В клубе устраивались вернисажи. В апреле 1883 года здесь открылась выставка картин В. В. Верещагина. Газеты уделили этому событию много внимания, не забывая в каждом из отчетов отметить, что выставка проходит при электрическом свете — факт и для нас весьма интересный...

При открытии выставки произошел эпизод, который рисует нравы тогдашней Москвы. По своему обыкновению Василий Васильевич Верещагин назначил за вход на выставку весьма умеренную плату — чтобы могли побывать здесь люди разного достатка. Он с гордостью писал в те дни писателю Д. В. Григоровичу, что пришел посмотреть его картины народ «преимущественно мастеровой, на выставки обыкновенно не ходящий, что мне лестно». Но дешевой входной платой осталась недовольна аристократическая публика: она решила бойкотировать выставку... («Кажется, здесь озлились на мою цену — 5 копеек,— пишет Верещагин В. В. Стасову.— Долгоруков хотел приехать, назначил время и не приехал, когда стала известна эта обидная цена; конечно, его уверили, что тут кроется пропаганда и прочее — черт бы побрал всех идиотов и мудрецов»).

Увы, не только простонародный пятачок шокировал московского генерал-губернатора. О «пропаганде и прочем» был верный слух из Петербурга: рассказывали, что, изволив обозреть в 1879 году полотна, привезенные художником с театра военных действий на Балканах, наследник престола, будущий император Александр III пришел в большое негодование и счел автора революционером и сумасшедшим.

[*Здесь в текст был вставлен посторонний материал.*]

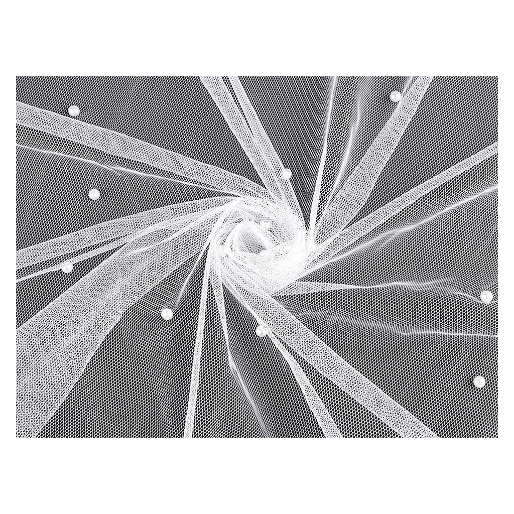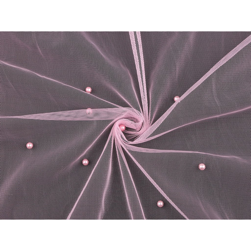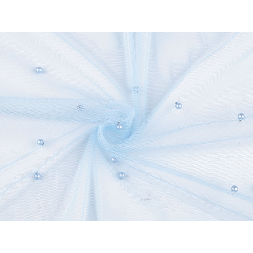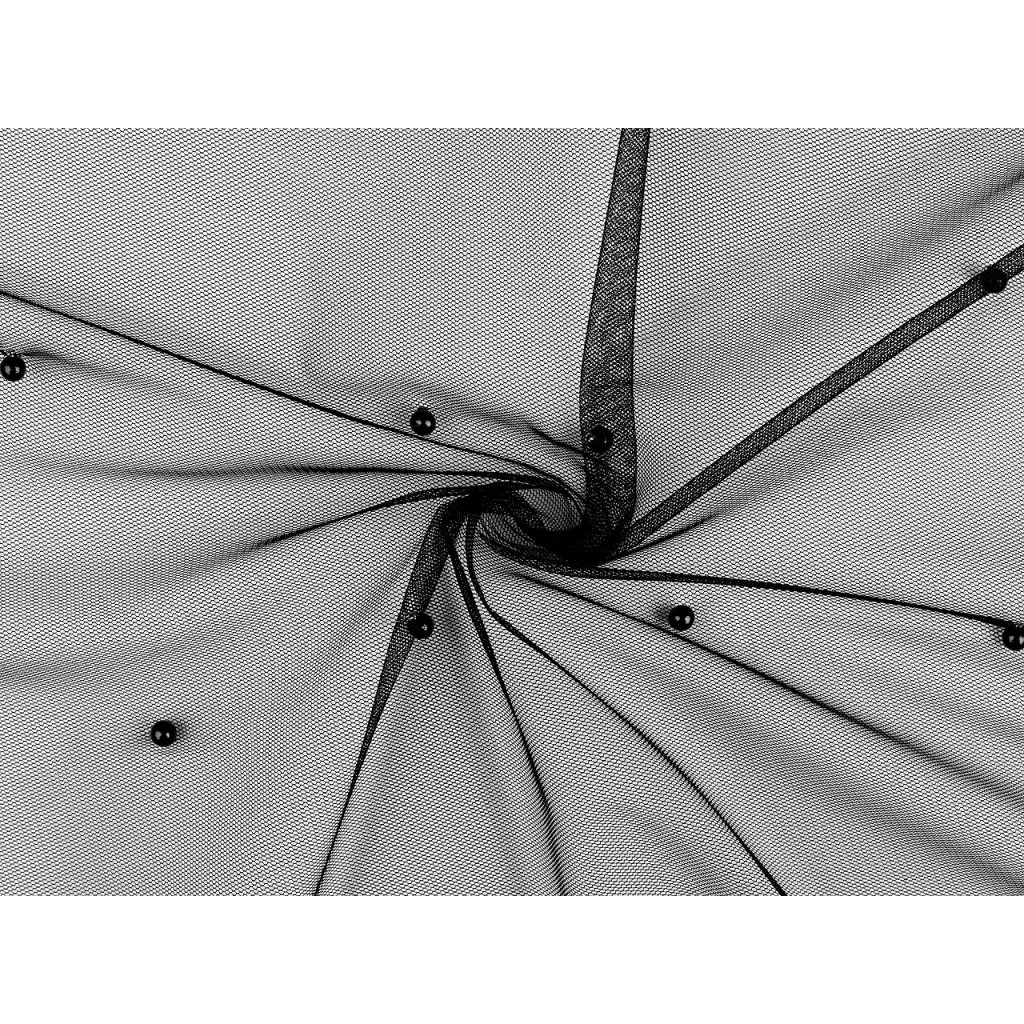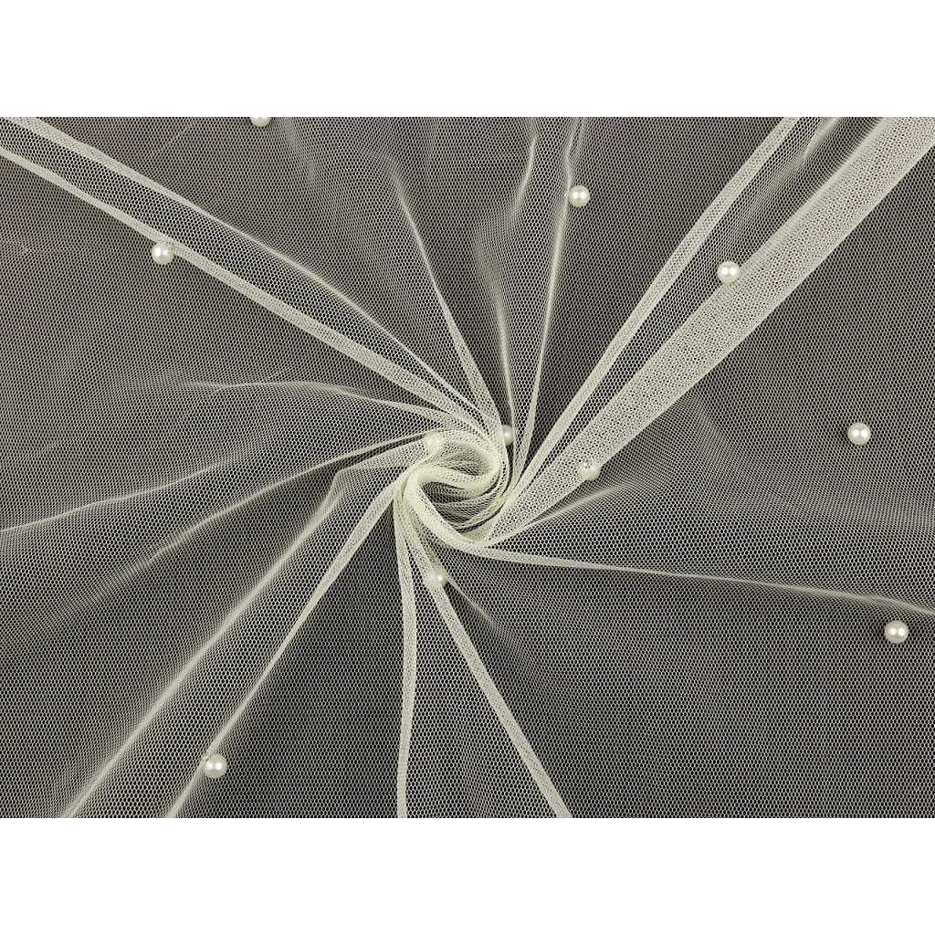 Jemný tyl zdobí přinýtované perly. Je vhodný na výrobu svatebních závojů, šatů, sukní apod.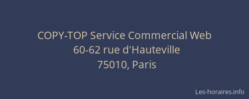 Voici les horaires de COPY-TOP Service Commercial Web situé à Paris 10ème,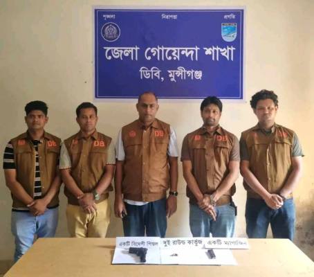 বিজ্ঞপ্তি সুত্রে জানা যায়, গোপন তথ্যের ভিত্তিতে অভিযান পরিচালনা করে টংগীবাড়ী উপজেলার যশলং ইউনিয়নের হাটখান এলাকার ইয়ারব হাওলাদার (সাবেক মেম্বার) এর বসত বাড়ির পশ্চিম পাশের পুকুরের পশ্চিম পাড় হতে পরিত্যক্ত অবস্থায় ০১টি বিদেশী পিস্তল, ০১টি পিস্তলের ম্যাগাজিন ও ০২ (দুই) রাউন্ড পিস্তলের কার্তুজ উদ্ধার করা হয়।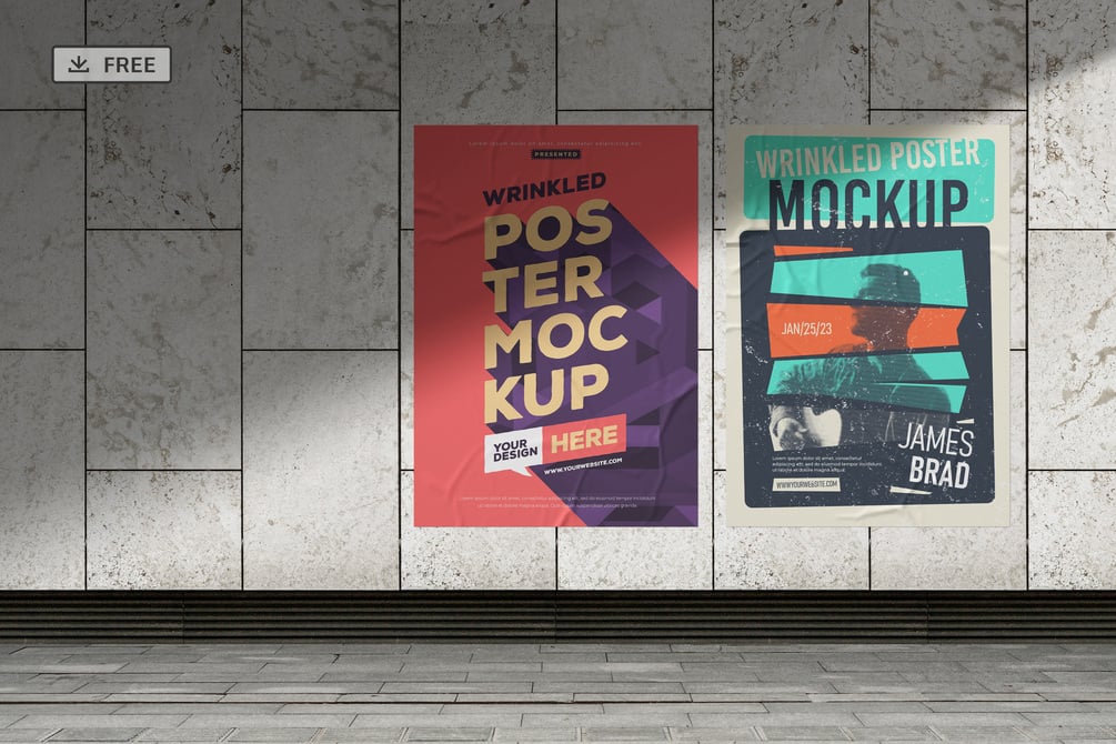 Wrinkled poster mockup showing a city wall plastered with posters. suitable for visualizing your designs such as event posters, brochures, advertisements and so on.

Посвятивший все свое творчество батальным сюжетам, Верещагин никогда не прославлял жестокости и насилия, он видел в избранных им эпизодах прежде всего человеческую трагедию, боль и лишения. «Передо мною, как перед художником, война, и ее я бью, сколько у меня есть сил; сильны ли действительно мои удары — это другой вопрос, вопрос моего таланта, но я бью с размаху и без пощады»,— писал он в те годы П. М. Третьякову.

Официальная и верноподданническая пресса — «Современные известия», «Московский листок» — встретила выставку на Софийке враждебно. Но были и добрые отзывы. «Русские ведомости», «Гатцук» («Газета Гат-цука».— Авт.), еще кое-кто крепко похвалили»,— радостно сообщал художник Григоровичу. И в том же письме: «Выставка идет покамест недурно... каталогов покупают от 700 до 1000 экземпляров в день. Покупают на сто рублей фотографий и книжек...»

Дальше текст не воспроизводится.